G. Anandalingam, Senior Associate Dean

Professor G. "Anand" Anandalingam is the senior associate dean and Ralph J. Tyser Professor of Management Science. He was chair of the Department of Decision and Information Technologies from January 2004 to June 2007. Before joining Maryland, he was with the University of Pennsylvania for almost 15 years where he was the National Center Professor of Resource and Technology Management, and a professor of Operations and Information Management at the Wharton School. He was chair of the Department of Systems Engineering at the University of Pennsylvania from January 1997 to May 2001. He also directed the Executive Master's Program in Technology Management at Penn from 1990 to 1995. He has a B.A. in electrical sciences from Cambridge University, England, and an S.M. and Ph.D. in operations research (minor: economics) from Harvard University.
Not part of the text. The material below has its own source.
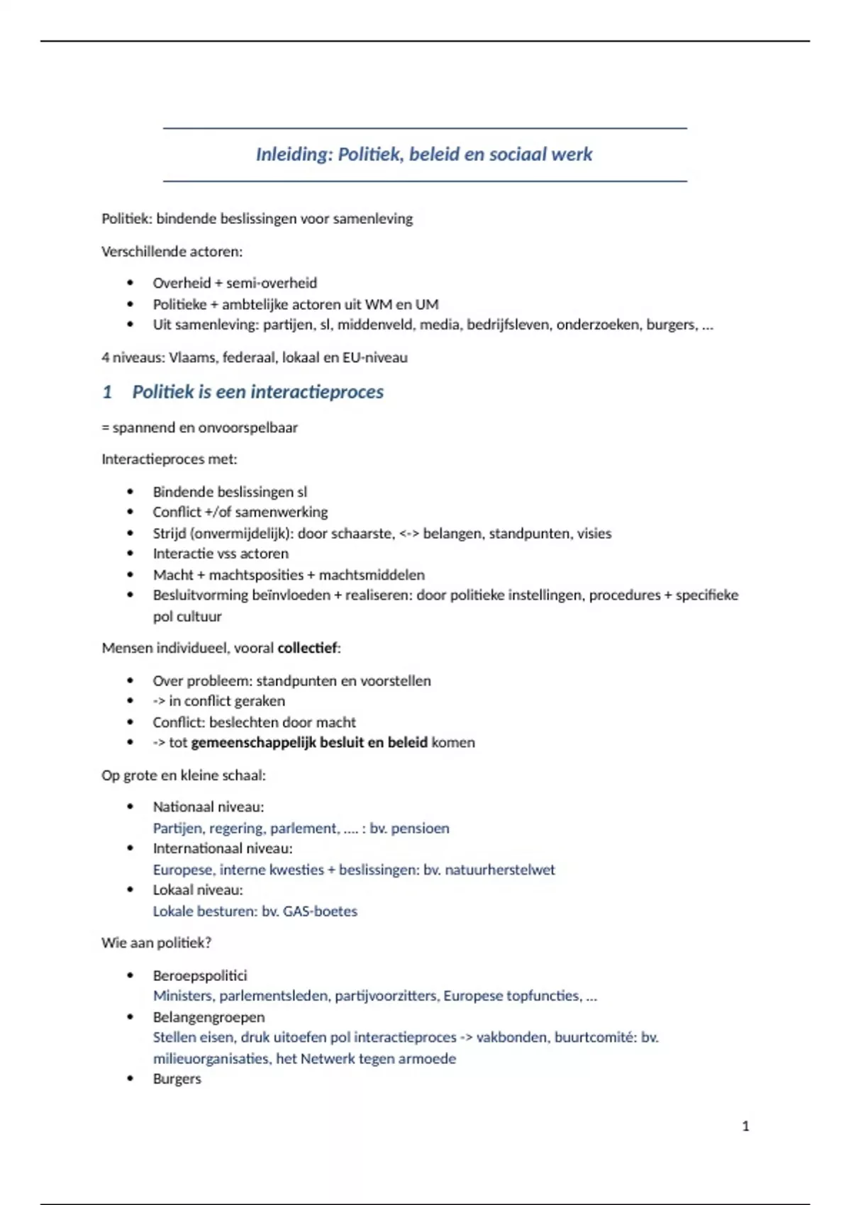 Een samenvatting van bijna alle hoofdstukken van politiek en beleid gegeven door Christophe Timbremont. Bij de samenvatting is het belangrijk om het boek erbij te houden, maar het is een duidelijk overzicht van alles.
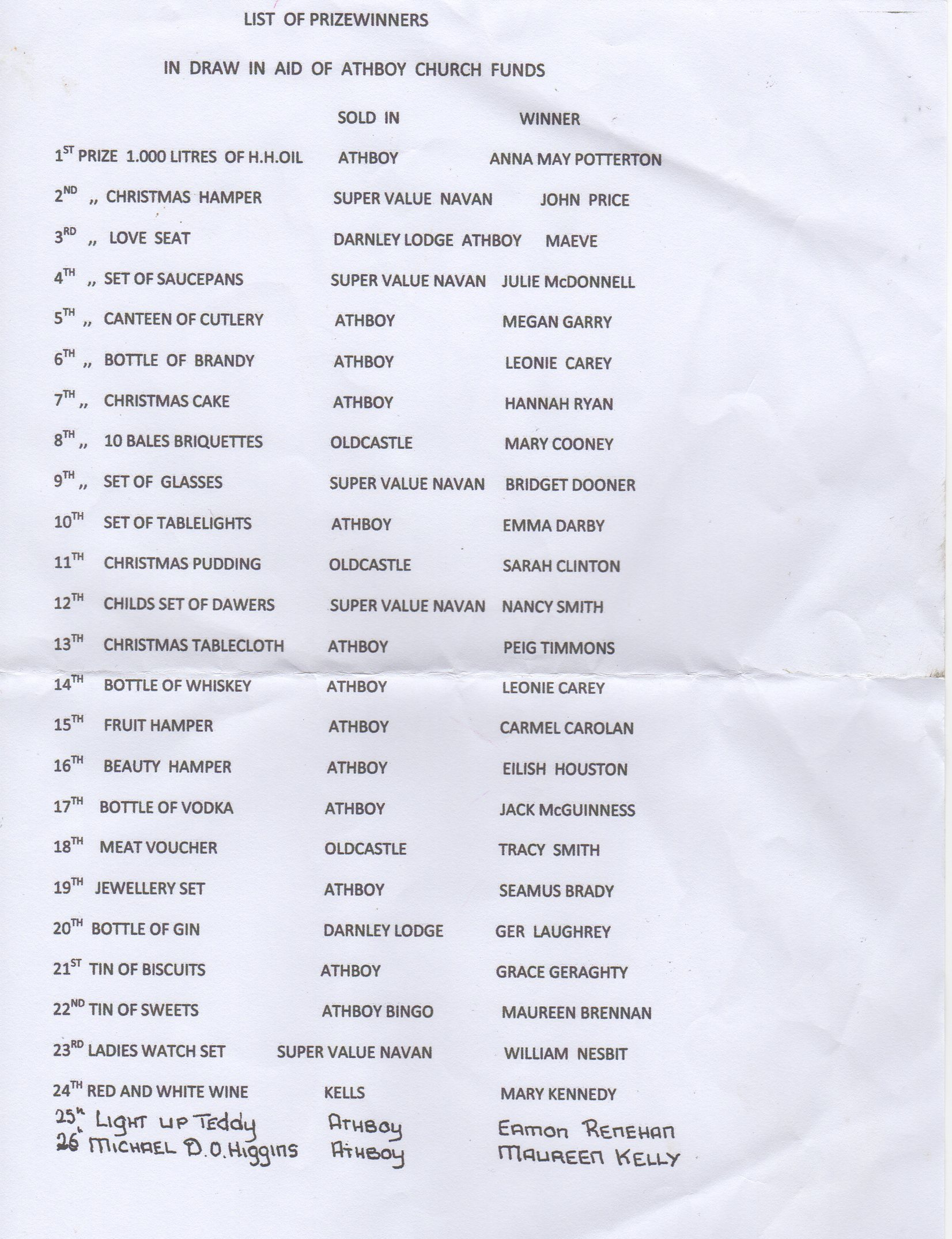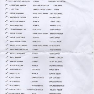 Christmas Raffle Winners Published on Check the list … you may have won a prize in our Annual Raffle held on Sunday 16th December in conjunction with our Bingo. Many thanks to the everybody who bought tickets, to those who sold tickets and all who sponsored prizes.

He has received many awards for his research and teaching from Penn, Harvard, Cambridge, and Maryland. He is the 2006 recipient of the Krowe Award for teaching excellence at the Smith School of Business.

RESEARCH INTERESTS
Professor Anandalingam works in the area of pricing, economics, design, and strategic issues in electronic markets and telecommunications networks. He has published more than 75 papers, and has two edited volumes on telecommunications systems design and management. He has also co-written a business strategy book with Professor Hank Lucas entitled Beware the Winner's Curse (Oxford University Press) that provides a critical evaluation of the technology and dot.com boom of the 1990s. His research has been funded by industrial and government sponsors including the National Science Foundation, Advanced Research Projects Agency (ARPA), AT&T, Unisys, the Department of Energy, and Dell. Over the years, he has been the principal investigator for over $8 million in research funding.

INSTITUTION BUILDING
Professor Anandalingam has founded a number of centers of research excellence and has developed initial funding for these entities. At Penn, he founded the Ackoff Center on Advanced Systems Approaches (ACASA) in 2000 with seed funding of $1 million from industry sponsors. At the Smith School he was the founder of the Center on Electronic Markets and Enterprises (CEME) at the Smith School of Business, and was the co-director from 2001-2004. CEME received $2 million of funding from the National Science Foundation. He also helped found the Center on Health Information and Decision Systems (CHIDS), a successful center with revenues of around $275K per year. He has helped generate significant revenues by successfully developing and running programs at Penn and Maryland. In his tenure as director of Executive Masters in Technology Management at Penn, he helped revive a failing program and build it to $2 million in annual revenue. He was also responsible for helping to develop executive programs at Maryland through both academic partners in China, Tunisia and India, and also strategic industrial partners in the information systems and telecommunications areas. During the 2006-07 academic year, he led the effort at the Smith School to revamp and innovate the MBA curriculum.

PROFESSIONAL ACTIVITIES
Professor Anandalingam is an associate editor of Management Science and Operations Research, and has served on the editorial board of the Journal of Telecommunications Systems, and Networks and Spatial Economics. He has also guest edited a volume of Management Science on electronic markets. He is a senior member of both INFORMS (Institute for Operations Research and Management Science) and IEEE (Institute of Electrical and Electronic Engineers). He frequently serves on Conference Committees of international conferences in management science and telecommunications networks. He was the general chair of the INFORMS annual conference in 1999, and serves as the co-program chair of the INFORMS conference in 2008. He is the general chair of the Workshop on Information Systems Economics in 2007.

Professor Anandalingam has regularly consulted with both Fortune 1000 and start-up companies including Motorola, SBC Communications, KPMG, GE Capital, AT&T, Nokia, MCI, Baysoft, Amtrak, and the World Bank. Much of his consulting work has evolved from applied operations research to pricing and economic analysis including global strategy. He has been an expert witness on litigations involving global telecommunications companies. In the early 1980s, he started a resources consulting firm called IDEA Inc. with a number of colleagues, and in the late 1990s, a consulting firm called Network Ideas Inc. Both these companies were closed after short successful runs.